Cancer stem cells (CSCs) are hypothesized to be the pathological counterpart of normal somatic tissue stem cells. The CSC model proposes that tumours are hierarchically  organised with a subset of tumour cells at their apex, which possess self-renewal and multilineage differentiation potential. Cancer stem cells, unlike the bulk of the cells within the tumor, are elusive to drug treatment and are unaffected on chemo and radiotherapy. These self-renewing cells are responsible for the flare up of cancer and remission long after treatment. Cancer stem cells have a capacity for unlimited self-renewal, as well as the ability to initiate and drive tumor progression in an animal model.

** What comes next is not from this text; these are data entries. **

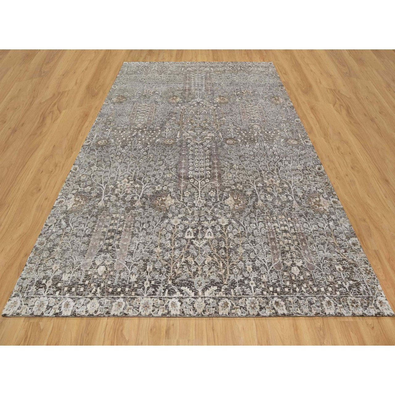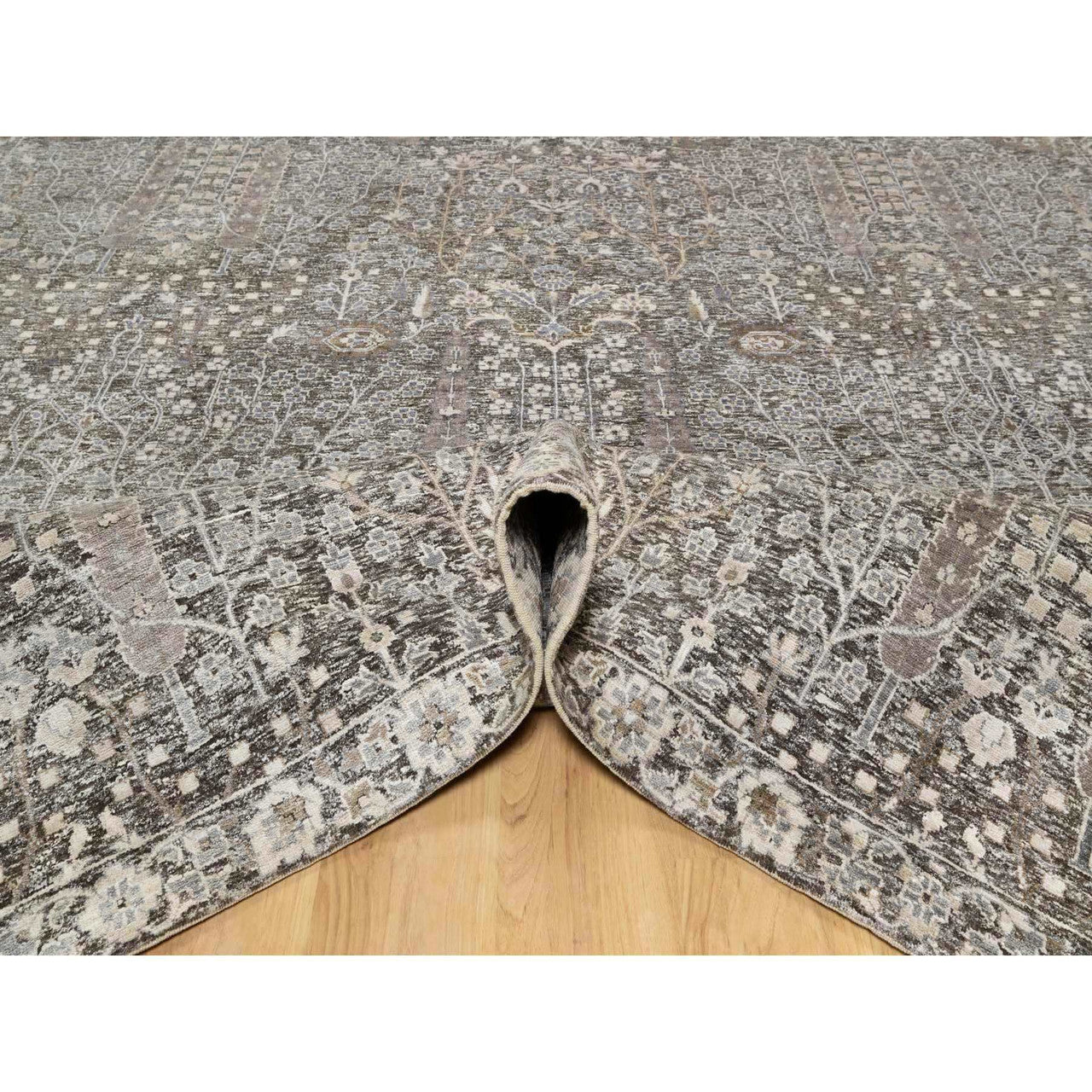 Transitional Wool & Silk Hand Knotted Rug Grey No Border 9.0X11.11 -O090940
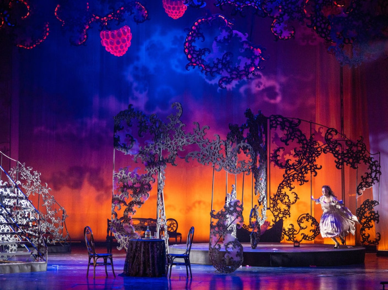 В целом же севастопольский спектакль напрочь лишён мелодраматических «атрибутов». В нём много пауз, внимающих тишине. Много красивых живых картин, фиксирующих настроения героев (дань моде XIX века). Режиссёр разработал интонационную партитуру языка комедии во взаимосвязи с одновременно деликатными и яркими вкраплениями «музыкальных моментов», а в сценографической палитре задумал смешать монохромную графичность кружев с сочным колоритом спелой малины.
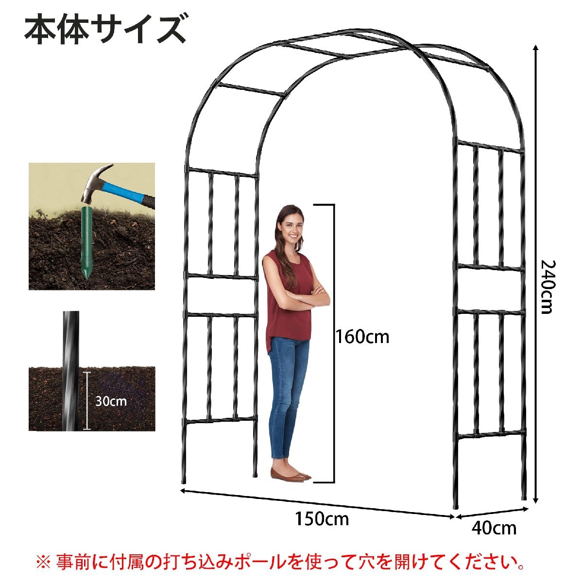 【現品限り】 幅150×奥行40×高さ240cm 金属製 フラワーアーチ 錆びにくい パイプ径20mm 組立簡単 バラアーチ C

 Activated Wnt/β-Catenin signaling is a key feature of epithelial cancers and is critical for metastasis and epithelial-mesenchymal transition (EMT) , a signature trait of CSCs. We explored the effect of the Wnt antagonist, secreted frizzled related protein 4 (sFRP4) in CSCs in gliomas. We found that sFRP4 chemo-sensitizes GSC-enriched cells to commonly used drugs, by the reversal of EMT and by decreasing drug effluxers. sFRP4 acts at multiple levels of the Wnt- β-Catenin and the Wnt- calcium pathways in inhibiting CSCs. We also identified a novel mechanism of action of sFRP4. These findings could be exploited for designing better targeted strategies to improve chemo-response and eventually eliminate glioblastoma CSCs.